The names of the files received are set by the sender of the file, and multiple files can be sent together with the possibility of subdirectories. For example, two files sent together might be "1" and "sub/2" such that the downloaded results should be like "downloads/1" and "downloads/sub/2".
I'm worried about the security implications of this. Right off the top of my head, two potentially dangerous filnames would be something like "../../../somethingNasty" or "~/somethingNasty" for Unix-like users. Other potential issues that cross my mind are filenames with characters that are unsupported on the target filesystem, but that seems much harder and may just be better to ignore?
I'm considering stripping received filenames for ".." and "~" but this type of blacklist approach where I individually think of problem cases hardly seems like the recipe for good security. What's the recommended way to sanitize filenames to ensure nothing sinister happens?
If it makes a difference, my app is running on C++ with the QT framework.

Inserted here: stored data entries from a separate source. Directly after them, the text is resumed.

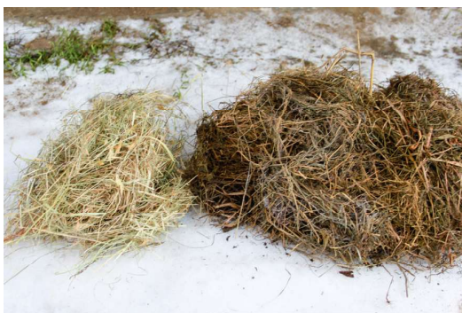
Suinniin gurut bealde govas lea buorre kvalitehta ja dohkkejit bures fuoðarin bohccui. Suoinnit olgeš bealde leat njuoskasat ja guhppon, ii ge daiguin ábut biebmam bohcco. Iešgudetlágan rásiit ja šattut gielttis váikkuhit suinniid máhkui.

Fápmofuoðar lea gordne- ja soija-pellets masa leat lasihuvvon minerálat heivehuvvon bohcco biebmodárbui. Dábálaččat láve veahás ádjánit ovdal go boazu hárbána fápmofuoðara máhkui ja borragoahá dan bures. Fápmofuoðaris lea unnán struktuvra, ja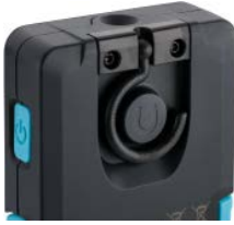
Magnet / Magnet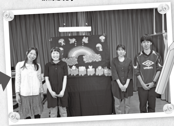
④ 采访为大家演出布偶贴的“蜗牛”剧团成员。 “看到大家欢乐的笑脸，非常开心！”

用多种语言欣赏歌曲和戏剧，体验不同特色的文化。还是交新朋友的绝好机会♪ 敬请各位读者前来参加！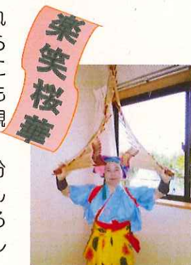
何にも見えるかな～?

あるとき「わたし南京玉すだれをやりたい!」と目覚めてからはや9年。「人前で披露することは、とっても楽しい♪一度もいやだと思ったことがない。観てる人の笑顔から、自分もパワーをもらえる。演技中、自分の思ってもみないところで喜んでくれることが、びっくりするけれど嬉しい。」と笑顔で話してくれました。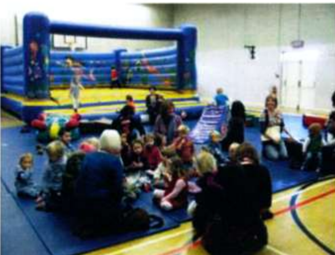
Cylch Meithrin Treganna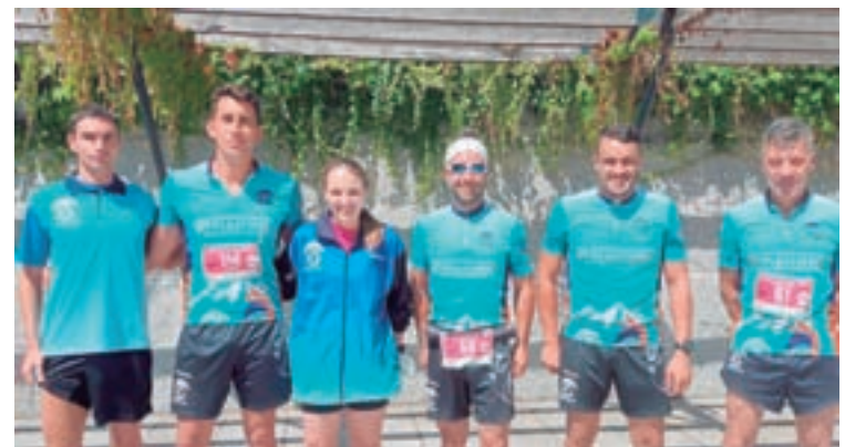
Compoñentes do Club Biosbardo que participou no III Trail Asaltamontes

CD Ceosport Lucense, e polo seu posto o noso club ADC Sacro Corazón como equipo anfitrión. Esta edición reunirá a un total de 36 equipos, 12 por categoría, e contará coa participación de preto de 700 xogadores. O torneo desenvolverase o venres 10 a categoría cadete, o sábado 11 a xuvenil e o domingo 12 a infantil.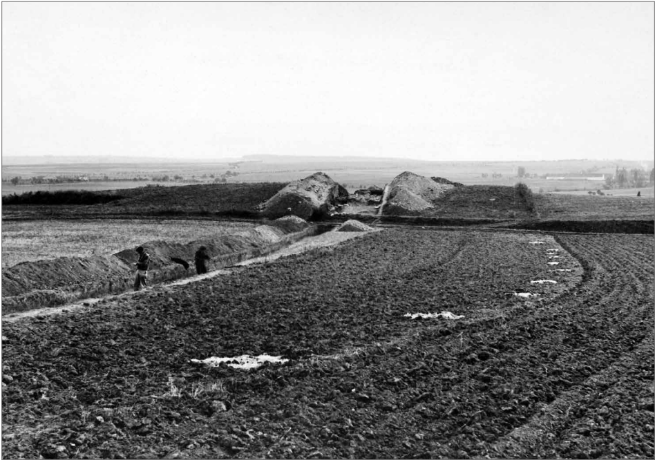
Obr. 2. Dlouhá sonda 1/1948 a řez destrukcí vnitřní hradby od severu.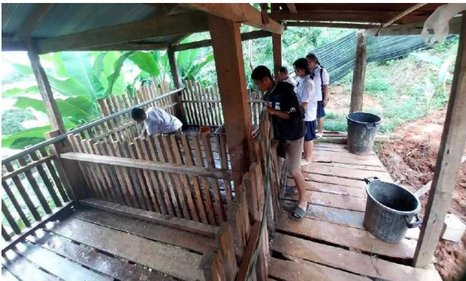
รูปภาพ : เอาอาหารให้หมู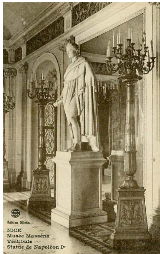
Die Statue Napoleons im Vestibül des Museums Masséna, Nice, Postkarte ca. 1910

arbeitete damals als Redaktionsassistent bei Bompiani Editore in Mailand. 25 Der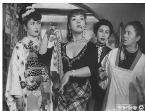
『 赤線地帯 』（黛敏郎 作曲）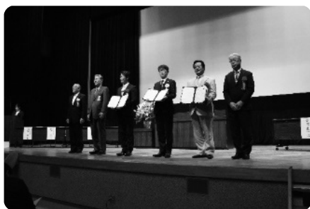
「下田市制施行50周年記念式典」での協定締結の様子

この協定に基づき、今後、政策等の情報交換と質の向上に向けた研さん、災害時の相互連携と支援観光・スポーツ・文化等の分野での相互連携、子どもたちの海・山体験交流事業等を予定しています。

It's wiser to replace ".." with say XXX and ~ with say YYY. This way you convert any invalid path to a perfectly valid path. I.e. if the user wants to upload "../../../somethingNasty" - no problems, let him upload the file and store it in XXX/XXX/XXX/somethingNasty.
Or even better, you can encode all nonalphanumeric characters (except slashes) with %XY where XY is hexidecimal code of the character. This way you would have %2E%2E/%2E%2E/%2E%2E/SomethingNasty

Related

How to deal with user input files (images / video)?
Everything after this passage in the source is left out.